- Data segment
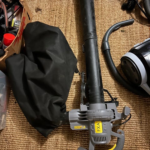 Hyvin vähällä käytöllä ollut yhdistetty lehti-imuri ja -puhallin, teho 2600 W. Kierrosnopeuden säätö, 40 litran keräyspussi
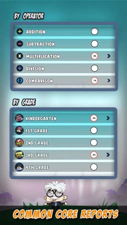 Math vs Zombies 2 is aligned with Common Core State Standards for Kindergarten, 1st Grade, 2nd Grade, 3rd Grade and 4th Grade and includes a detailed Report Card section where parents and teachers can monitor progress and find patterns of learning and help practice areas of weakness.
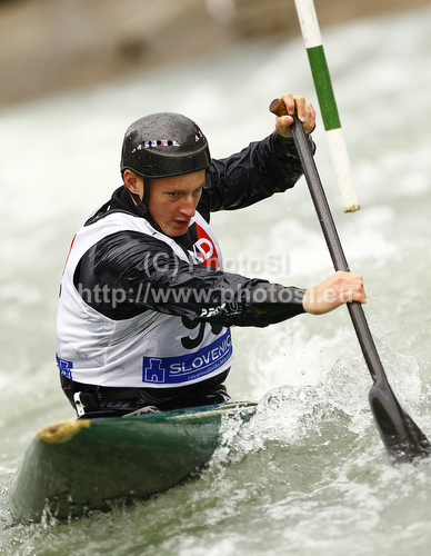 : Greg Pitt of Great Britain during International ICF slalom Tacen 2010 white water kayaking race. International ICF slalom Tacen 2010 white water kayak race was held on Saturday, 15th of May 2010 in Tacen, Slovenia.

- Exercise
Return the full listing above verbatim, please, but without its images.

- Response to the exercise
 Hyvin vähällä käytöllä ollut yhdistetty lehti-imuri ja -puhallin, teho 2600 W. Kierrosnopeuden säätö, 40 litran keräyspussi
 Math vs Zombies 2 is aligned with Common Core State Standards for Kindergarten, 1st Grade, 2nd Grade, 3rd Grade and 4th Grade and includes a detailed Report Card section where parents and teachers can monitor progress and find patterns of learning and help practice areas of weakness.
 : Greg Pitt of Great Britain during International ICF slalom Tacen 2010 white water kayaking race. International ICF slalom Tacen 2010 white water kayak race was held on Saturday, 15th of May 2010 in Tacen, Slovenia.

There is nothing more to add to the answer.